RECORDS SHOWN
--
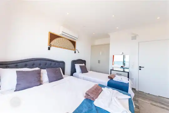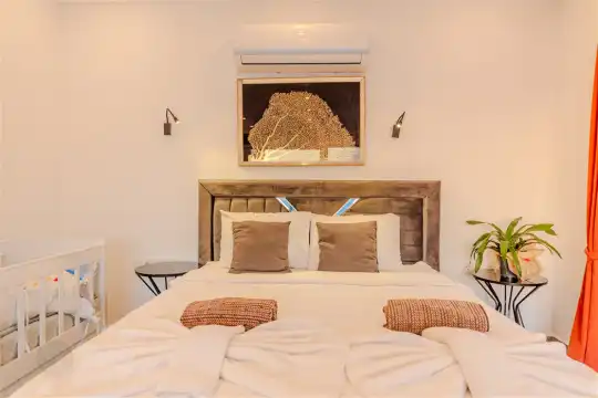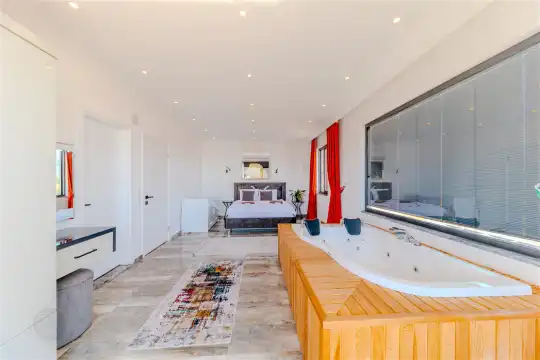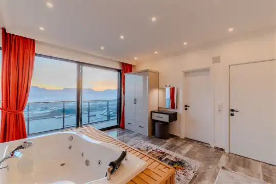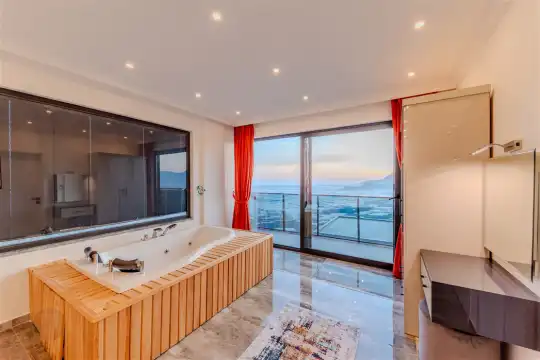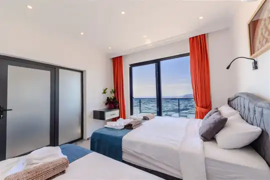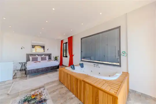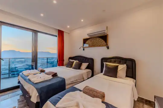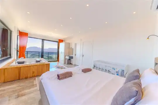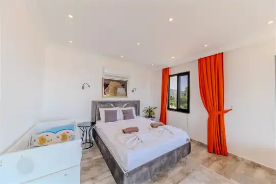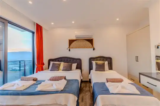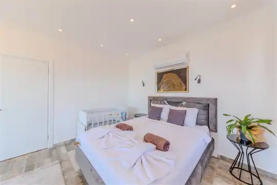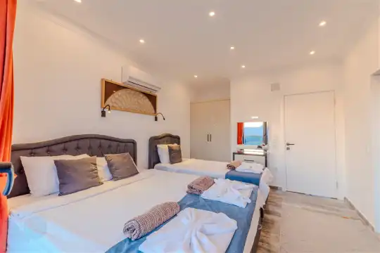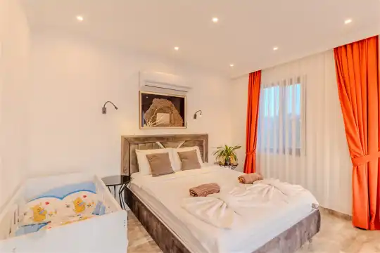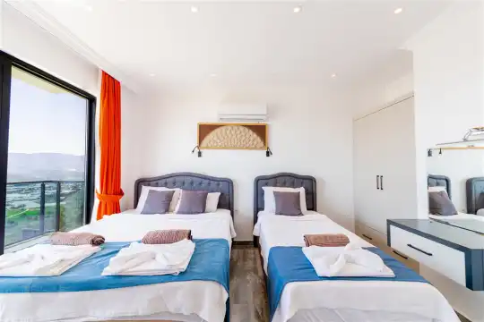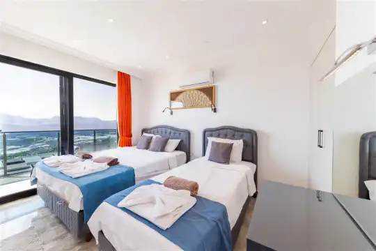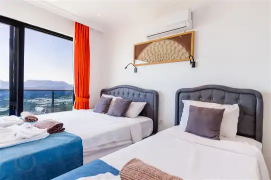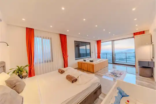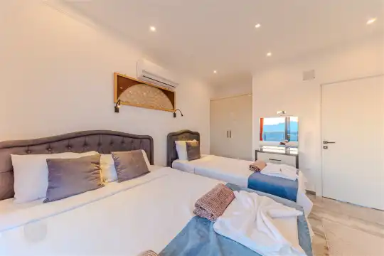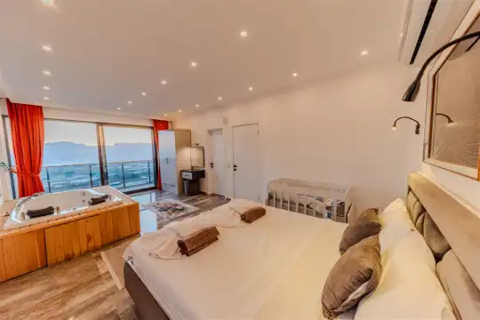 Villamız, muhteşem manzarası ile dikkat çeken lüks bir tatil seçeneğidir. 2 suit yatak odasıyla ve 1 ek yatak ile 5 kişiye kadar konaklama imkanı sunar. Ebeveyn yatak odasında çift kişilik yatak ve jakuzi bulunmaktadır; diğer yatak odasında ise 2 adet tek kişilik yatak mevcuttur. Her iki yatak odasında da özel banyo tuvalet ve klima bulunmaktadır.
--
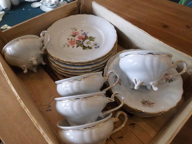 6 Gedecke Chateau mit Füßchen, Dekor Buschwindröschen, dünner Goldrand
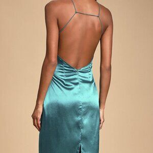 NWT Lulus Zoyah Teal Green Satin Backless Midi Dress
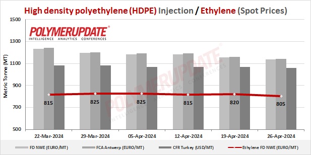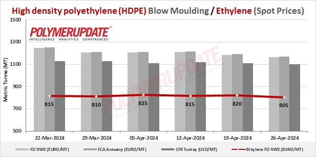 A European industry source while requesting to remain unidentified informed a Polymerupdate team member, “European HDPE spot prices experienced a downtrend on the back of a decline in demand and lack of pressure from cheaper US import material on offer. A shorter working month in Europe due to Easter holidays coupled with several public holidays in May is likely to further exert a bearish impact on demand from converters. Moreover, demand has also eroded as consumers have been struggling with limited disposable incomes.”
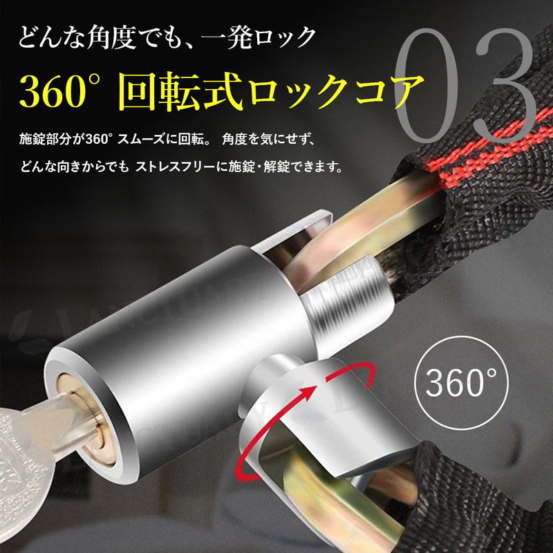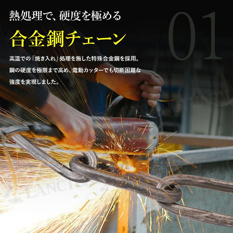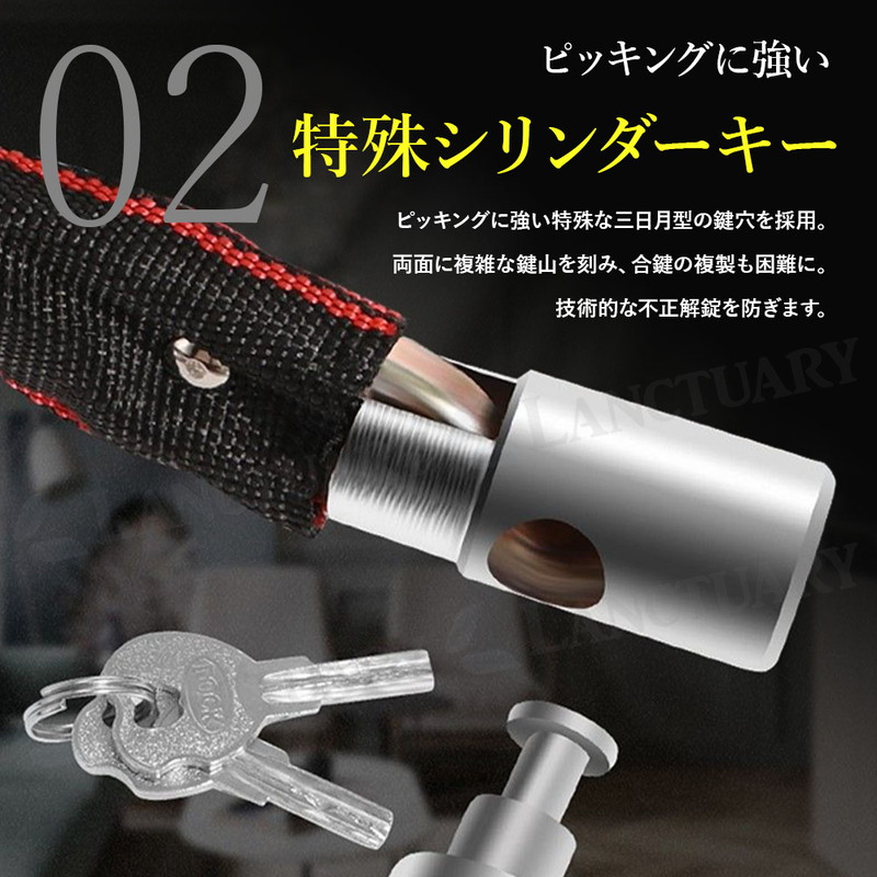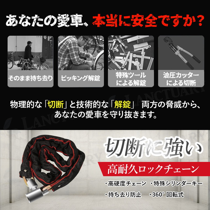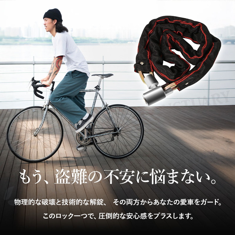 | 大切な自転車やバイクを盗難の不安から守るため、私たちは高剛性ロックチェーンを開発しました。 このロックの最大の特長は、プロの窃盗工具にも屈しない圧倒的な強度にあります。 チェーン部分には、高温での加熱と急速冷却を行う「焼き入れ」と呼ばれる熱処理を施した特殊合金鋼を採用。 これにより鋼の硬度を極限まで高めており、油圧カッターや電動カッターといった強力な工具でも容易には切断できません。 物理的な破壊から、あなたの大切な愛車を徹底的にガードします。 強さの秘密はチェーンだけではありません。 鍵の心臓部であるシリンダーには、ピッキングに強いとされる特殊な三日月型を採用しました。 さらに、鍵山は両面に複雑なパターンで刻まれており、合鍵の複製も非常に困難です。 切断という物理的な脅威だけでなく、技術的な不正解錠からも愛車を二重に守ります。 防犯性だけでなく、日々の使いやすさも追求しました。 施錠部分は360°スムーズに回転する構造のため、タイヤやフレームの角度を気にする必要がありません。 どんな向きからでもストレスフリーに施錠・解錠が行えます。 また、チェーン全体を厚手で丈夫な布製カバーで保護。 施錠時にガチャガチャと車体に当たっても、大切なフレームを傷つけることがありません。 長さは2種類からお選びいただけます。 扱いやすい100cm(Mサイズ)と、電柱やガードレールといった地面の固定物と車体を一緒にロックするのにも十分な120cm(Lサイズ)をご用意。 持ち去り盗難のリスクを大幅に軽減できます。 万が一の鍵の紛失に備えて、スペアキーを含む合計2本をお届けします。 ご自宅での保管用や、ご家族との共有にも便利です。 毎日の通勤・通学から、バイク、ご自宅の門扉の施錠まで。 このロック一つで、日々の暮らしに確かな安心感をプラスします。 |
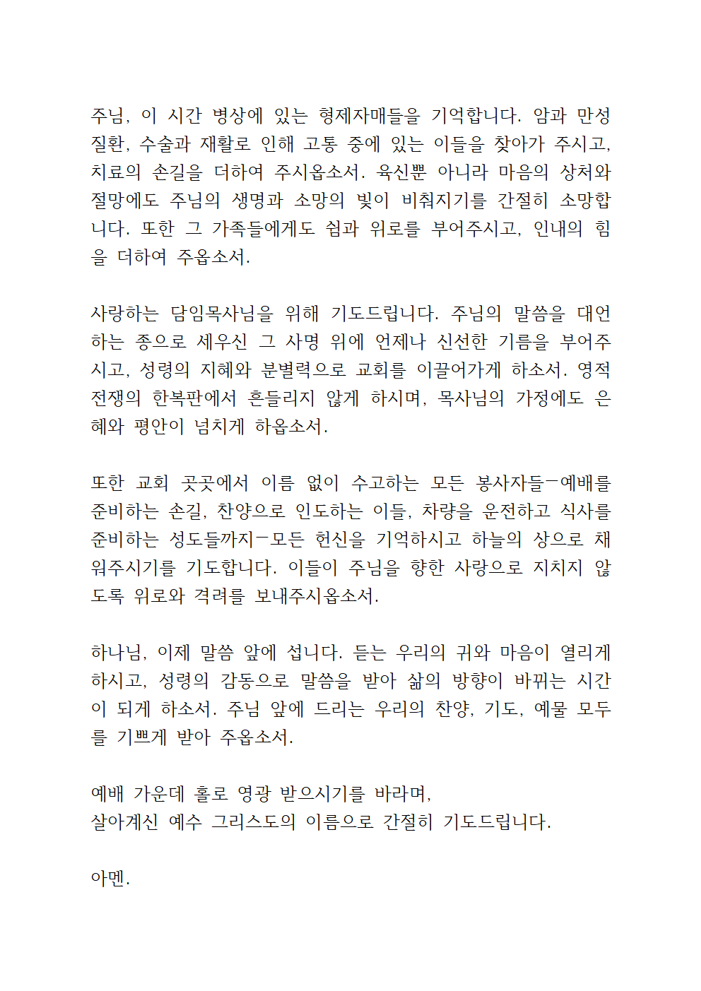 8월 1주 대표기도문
--
WORK INSTRUCTIONS
Set down exactly the lines above, from the line containing "6 Gedecke Chateau" through the line containing "A European industry". Skip the pictures.

THE COMPLETED TASK
 6 Gedecke Chateau mit Füßchen, Dekor Buschwindröschen, dünner Goldrand
 NWT Lulus Zoyah Teal Green Satin Backless Midi Dress
 A European industry source while requesting to remain unidentified informed a Polymerupdate team member, “European HDPE spot prices experienced a downtrend on the back of a decline in demand and lack of pressure from cheaper US import material on offer. A shorter working month in Europe due to Easter holidays coupled with several public holidays in May is likely to further exert a bearish impact on demand from converters. Moreover, demand has also eroded as consumers have been struggling with limited disposable incomes.”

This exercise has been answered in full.